Supplied material:
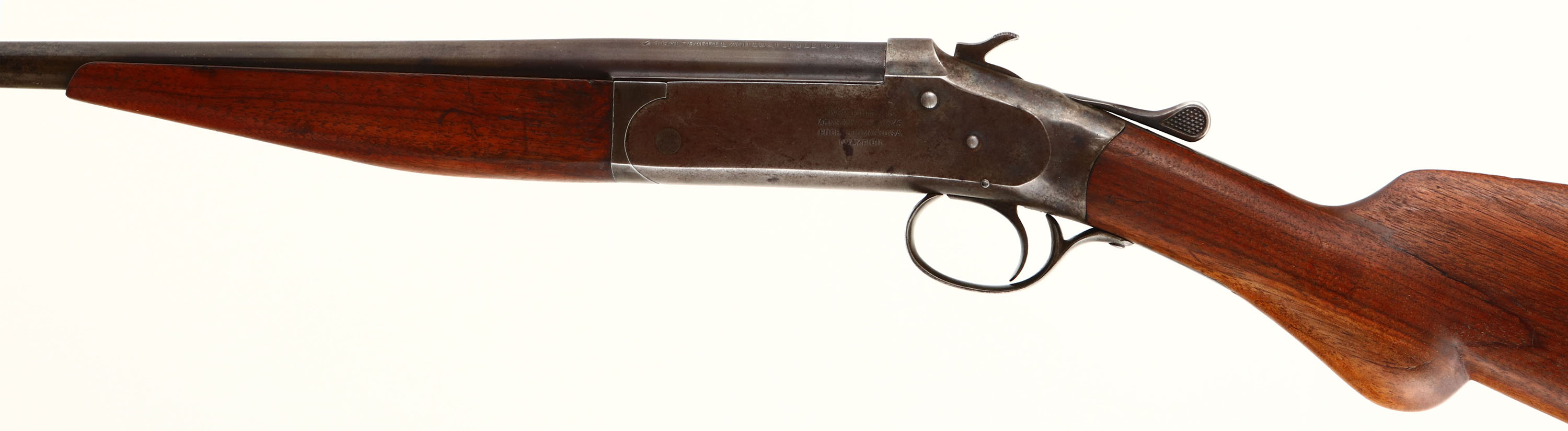 Iver Johnson, Model ''Champion'', CAL: .44 SHOT, MFG: 1911-15, SN: 7831, Break Action Single Shot Shotgun, 26'' barrel. The refinished round knob pistol grip wood stock appears very good & solid, despite a glued tight large repair at the wrist, along with other small contusions, scrapes & dings. The metal finish on the barrel has worn to gun metal gray & having a thin brown patina. The receiver is case-hardened, displaying remnants of case-coloring. Bore is good, with spotting & light pitting near the breech end. The barrel carries a single front bead. Buttstock carries a I.J. grooved black plastic buttplate. FFL or C&R Req. - Value: 100 to 300
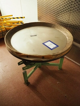 Trepo-Stumpf GmbH turning table, steel frame, s/s top with wooden rim, ø top: 850 mm, total ø: 1000 mm, height: 800 mm.1 bidLot is closed
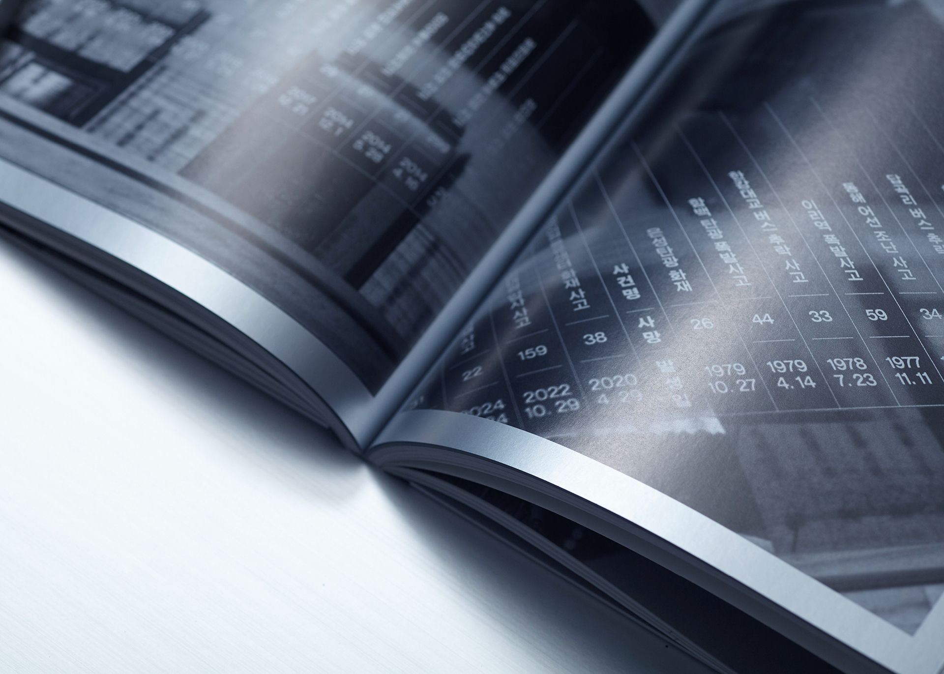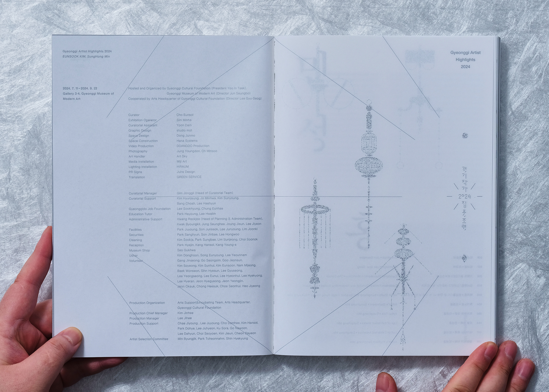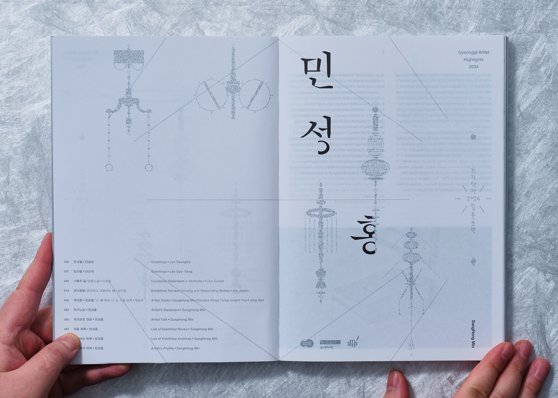 내지 인쇄 아카이브 및 텍스트 페이지는 백모조와 스노우지 등에 먹 1도와 은별색 1도를 교차 적용하고, 작품 사진 페이지는 랑데뷰지에 4도 인쇄를 적용해 정보 전달과 작품 감상의 목적에 맞게 질감을 세분화했습니다.
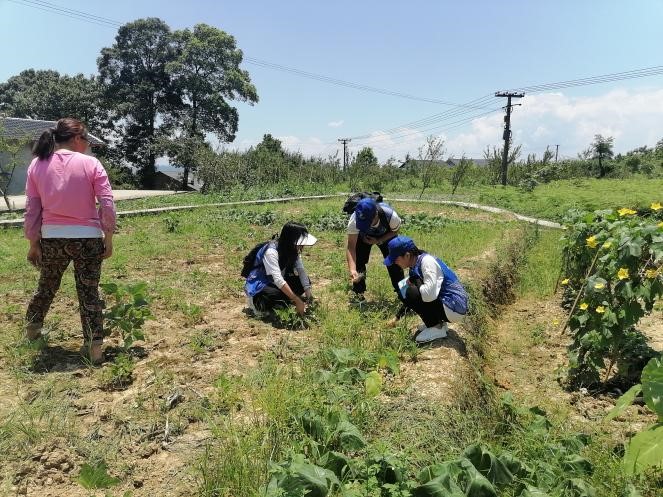 在驻村干部苏静和杨永果的带领下,志愿者们分成三组分别走进了退役军人周庆国,脱贫户冯宗才、蔡长春家里,为他们送去了生活用品,并尽自己所能去帮他们打扫环境卫生、除草、做农活等。
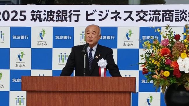 地域企業の情報発信と販路拡大を応援する筑波銀行(本店土浦市、生田雅彦頭取)の「2025ビジネス交流商談会」が22日、つくば市竹園、つくばカピオで開催された。県内のほか栃木、群馬県など北関東の約170の企業や団体が参加し、「食」「ものづくり」「ベンチャー」などの各ブースで自社の技術や商品をPRした。約2500人が来場し、各ブースでは担当者の話に熱心に聞き入ったり、名刺を交換する姿が見られた。約400件の商談が行われた。
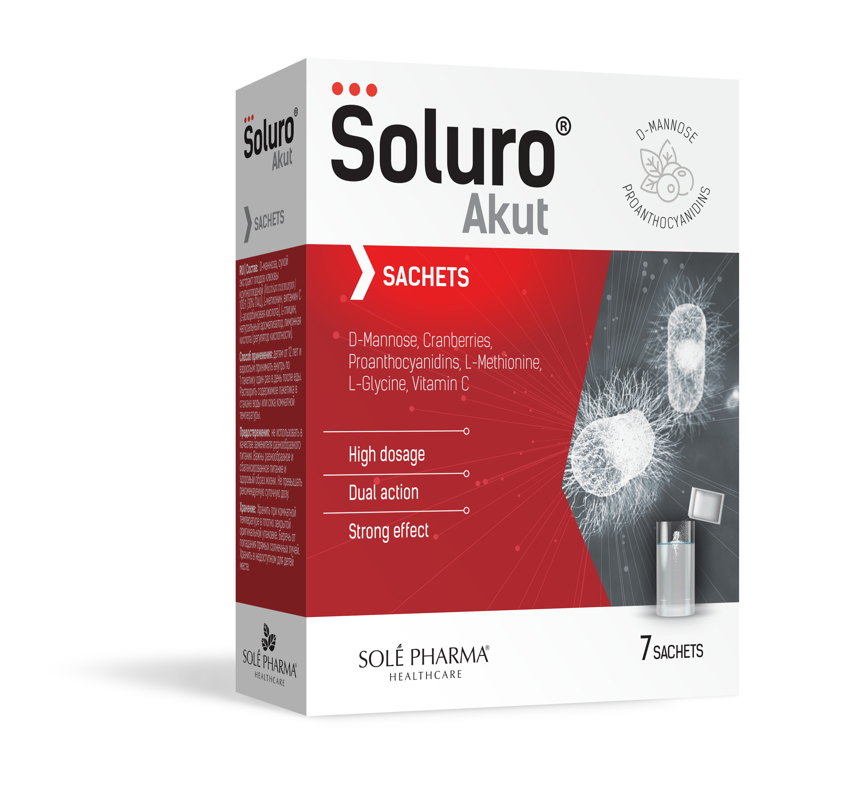 Tootetutvustus Toidulisand põiele ja kuseteedele. Soluro Akut on kompleks, mis sisaldab suures annuses D-mannoosi, proantotsüanidiine, aminohappeid ja vitamiini C. Vitamiin C aitab kaasa immuunsüsteemi normaalsele talitlusele. Soluro Akut võib kasutada koos antibiootikumidega. Täiendava info saamiseks D-mannoosi ja proantotsüanidiinide mõju kohta organismile, võtke palun ühendust oma günekoloogi või uroloogiga. Päevaseks tarbimiseks soovitatav kogus ning tarvitamisjuhised Kasutamine: lastele ala...
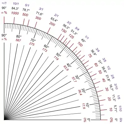 On utilise aussi, mais moins souvent, un angle en degrés. Dans ce cas, on ne parle normalement pas de pente, mais de l'angle d'élévation[1].
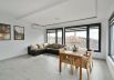 - spacious living room with sofas and a dining table;

What you should do:
Transcribe exactly the lines from the one containing "On utilise aussi, mais" through the last line of the records above, and nothing else. Leave out the pictures.

Answer to this task:
 On utilise aussi, mais moins souvent, un angle en degrés. Dans ce cas, on ne parle normalement pas de pente, mais de l'angle d'élévation[1].
 - spacious living room with sofas and a dining table;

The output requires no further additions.